Back on the trail. I listened to every song, ever, put on a Loft compilation. In full. Zip. I found a bunch of unofficial Loft 12s probably pressed up by some enterprising record store person. I listened to every one of them, on Discogs, youtube, Vimeo, or any other media source available. Nope. Web searches for “Rainforest drums boogie breakdance song” and “ percussion Bboy breaking track loft anthem” yielded nothing.
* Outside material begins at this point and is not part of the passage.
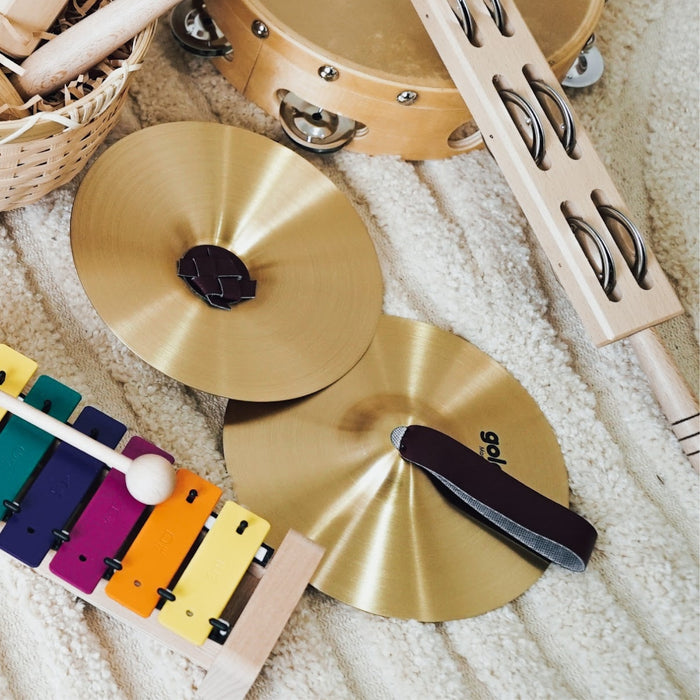 The Goldon Pair of Brass Cymbals is one to surely bring a smile to your child's face with its ease of play and bright, crashing sound.

A couple of months, after the hot red herring had cooled down. I was going about my business, doing some washing, and I heard it on a radio show. I sat down, smiled, Inhaled a deep breath, and wrote the song title/artist name on a piece of paper next to the laptop. Exhaled, yelled, whooped, then danced on the sofa, by myself, at 9.26am, 25 March 2016. Here it is:
Afternotes: It’s not that rare a track, but somehow we were ships passing in the night for so long. I now realize, in the youtube comments of some of the other boogie tracks while searching, people said GTA San-Andreas bought them to the page. I never played it (the game)- it was trk2 on the Bounce FM playlist, so minus 50 Sherlock points for me.
The Intro bass line was sampled by Goldie for his track ‘Sensual’, which I know, and love, and was exposed to around the same time I watched the breakdance VHS, I had no idea that the 2 were one and the same, and yet now it makes total sense. Everything is connected.